Set all the entries down once more, with nothing altered.

══ DATA TO PROCESS

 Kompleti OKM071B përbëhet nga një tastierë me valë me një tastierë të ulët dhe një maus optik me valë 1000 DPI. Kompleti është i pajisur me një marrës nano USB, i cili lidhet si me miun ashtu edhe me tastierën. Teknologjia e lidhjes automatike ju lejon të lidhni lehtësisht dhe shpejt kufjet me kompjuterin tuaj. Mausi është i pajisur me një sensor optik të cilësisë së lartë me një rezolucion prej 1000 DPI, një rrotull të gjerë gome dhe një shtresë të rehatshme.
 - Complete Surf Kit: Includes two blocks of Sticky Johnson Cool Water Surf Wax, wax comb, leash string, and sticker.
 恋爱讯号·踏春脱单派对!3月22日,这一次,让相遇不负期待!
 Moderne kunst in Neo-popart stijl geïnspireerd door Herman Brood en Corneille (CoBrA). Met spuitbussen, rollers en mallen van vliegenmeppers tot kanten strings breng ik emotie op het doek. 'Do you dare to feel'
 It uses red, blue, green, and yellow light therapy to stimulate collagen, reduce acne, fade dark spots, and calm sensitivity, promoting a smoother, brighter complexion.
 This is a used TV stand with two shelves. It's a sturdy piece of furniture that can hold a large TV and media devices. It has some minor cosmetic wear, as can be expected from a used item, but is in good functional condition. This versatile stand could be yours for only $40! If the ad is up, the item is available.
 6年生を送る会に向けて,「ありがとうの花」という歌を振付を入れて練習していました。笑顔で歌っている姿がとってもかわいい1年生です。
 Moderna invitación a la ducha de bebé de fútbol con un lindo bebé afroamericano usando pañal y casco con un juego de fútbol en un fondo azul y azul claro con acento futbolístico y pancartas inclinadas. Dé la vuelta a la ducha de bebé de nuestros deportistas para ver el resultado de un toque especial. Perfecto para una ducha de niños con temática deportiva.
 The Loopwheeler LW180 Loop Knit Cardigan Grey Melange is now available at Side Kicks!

════

=== REPLY ===
 Kompleti OKM071B përbëhet nga një tastierë me valë me një tastierë të ulët dhe një maus optik me valë 1000 DPI. Kompleti është i pajisur me një marrës nano USB, i cili lidhet si me miun ashtu edhe me tastierën. Teknologjia e lidhjes automatike ju lejon të lidhni lehtësisht dhe shpejt kufjet me kompjuterin tuaj. Mausi është i pajisur me një sensor optik të cilësisë së lartë me një rezolucion prej 1000 DPI, një rrotull të gjerë gome dhe një shtresë të rehatshme.
 - Complete Surf Kit: Includes two blocks of Sticky Johnson Cool Water Surf Wax, wax comb, leash string, and sticker.
 恋爱讯号·踏春脱单派对!3月22日,这一次,让相遇不负期待!
 Moderne kunst in Neo-popart stijl geïnspireerd door Herman Brood en Corneille (CoBrA). Met spuitbussen, rollers en mallen van vliegenmeppers tot kanten strings breng ik emotie op het doek. 'Do you dare to feel'
 It uses red, blue, green, and yellow light therapy to stimulate collagen, reduce acne, fade dark spots, and calm sensitivity, promoting a smoother, brighter complexion.
 This is a used TV stand with two shelves. It's a sturdy piece of furniture that can hold a large TV and media devices. It has some minor cosmetic wear, as can be expected from a used item, but is in good functional condition. This versatile stand could be yours for only $40! If the ad is up, the item is available.
 6年生を送る会に向けて,「ありがとうの花」という歌を振付を入れて練習していました。笑顔で歌っている姿がとってもかわいい1年生です。
 Moderna invitación a la ducha de bebé de fútbol con un lindo bebé afroamericano usando pañal y casco con un juego de fútbol en un fondo azul y azul claro con acento futbolístico y pancartas inclinadas. Dé la vuelta a la ducha de bebé de nuestros deportistas para ver el resultado de un toque especial. Perfecto para una ducha de niños con temática deportiva.
 The Loopwheeler LW180 Loop Knit Cardigan Grey Melange is now available at Side Kicks!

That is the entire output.